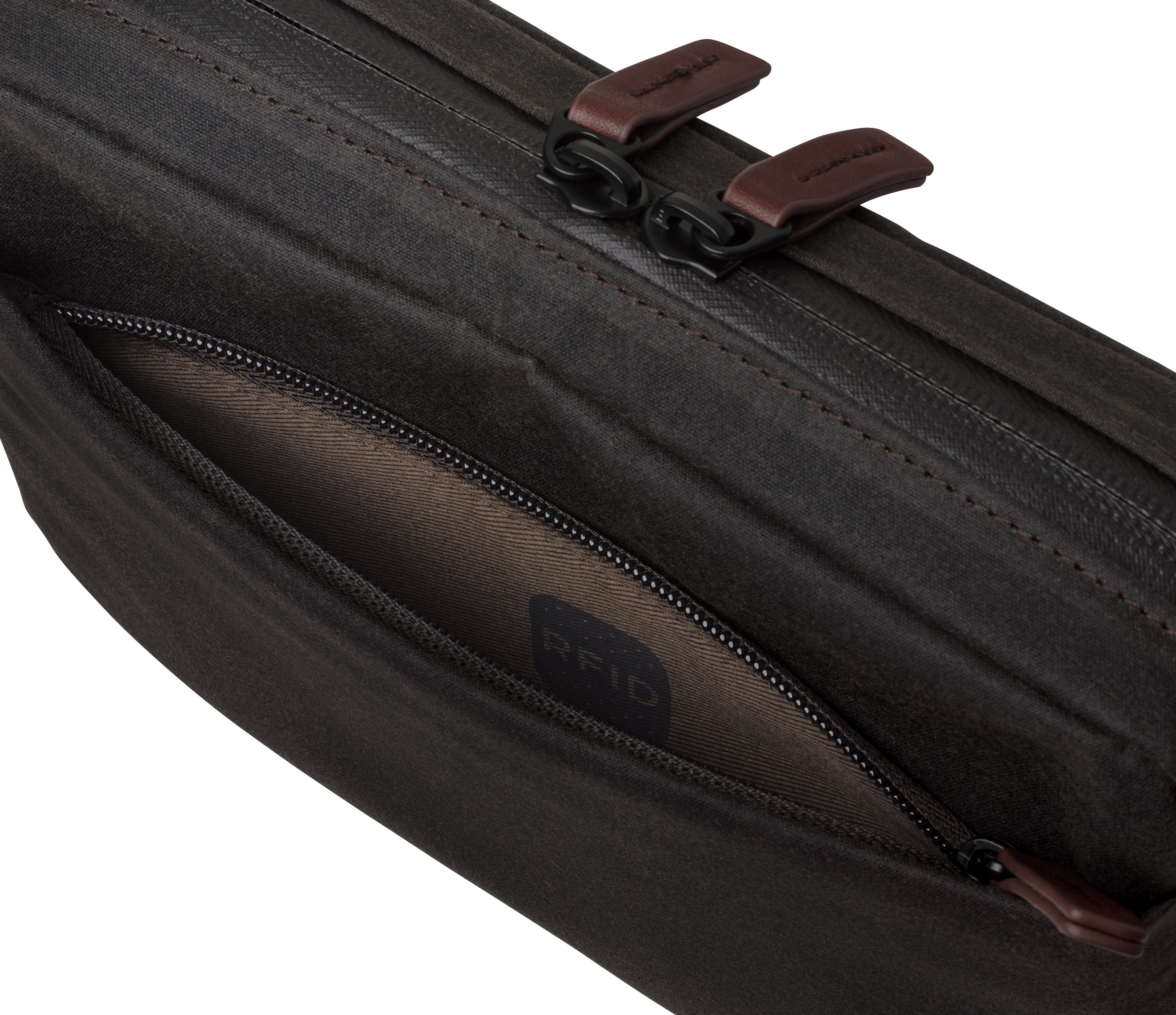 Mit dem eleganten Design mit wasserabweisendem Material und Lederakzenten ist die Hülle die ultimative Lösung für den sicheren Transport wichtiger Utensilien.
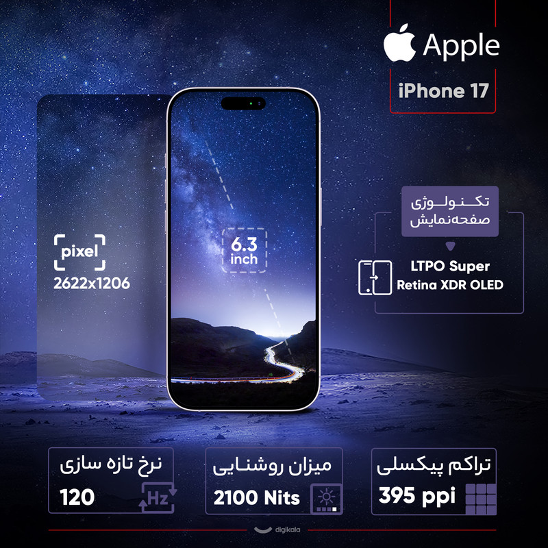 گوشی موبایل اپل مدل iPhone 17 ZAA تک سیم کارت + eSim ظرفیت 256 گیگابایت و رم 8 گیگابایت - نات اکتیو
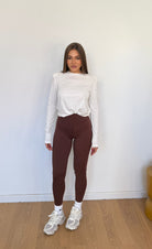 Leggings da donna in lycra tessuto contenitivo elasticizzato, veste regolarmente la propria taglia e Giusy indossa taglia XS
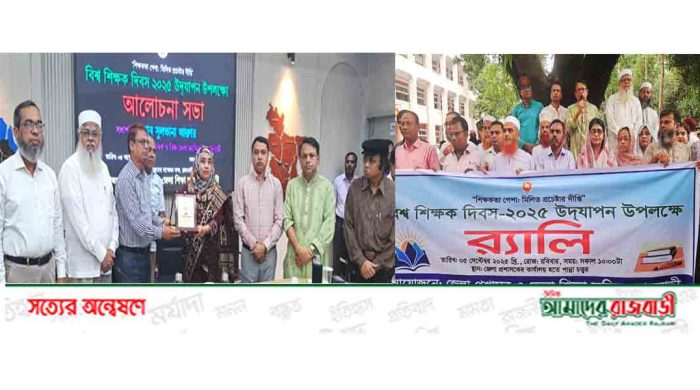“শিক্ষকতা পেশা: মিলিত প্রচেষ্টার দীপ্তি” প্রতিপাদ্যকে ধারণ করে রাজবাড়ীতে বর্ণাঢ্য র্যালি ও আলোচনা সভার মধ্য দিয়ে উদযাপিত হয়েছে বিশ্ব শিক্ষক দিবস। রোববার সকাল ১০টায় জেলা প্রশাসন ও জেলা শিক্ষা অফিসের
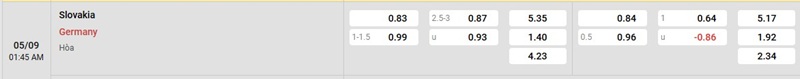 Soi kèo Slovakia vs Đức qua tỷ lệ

* **EXERCISE BRIEF**
Print exactly the lines from the line with "জেলা শিক্ষা অফিসের" through the end of the data, both ends included, and print no pictures.

* **ANSWER SPACE**
“শিক্ষকতা পেশা: মিলিত প্রচেষ্টার দীপ্তি” প্রতিপাদ্যকে ধারণ করে রাজবাড়ীতে বর্ণাঢ্য র্যালি ও আলোচনা সভার মধ্য দিয়ে উদযাপিত হয়েছে বিশ্ব শিক্ষক দিবস। রোববার সকাল ১০টায় জেলা প্রশাসন ও জেলা শিক্ষা অফিসের
 Soi kèo Slovakia vs Đức qua tỷ lệ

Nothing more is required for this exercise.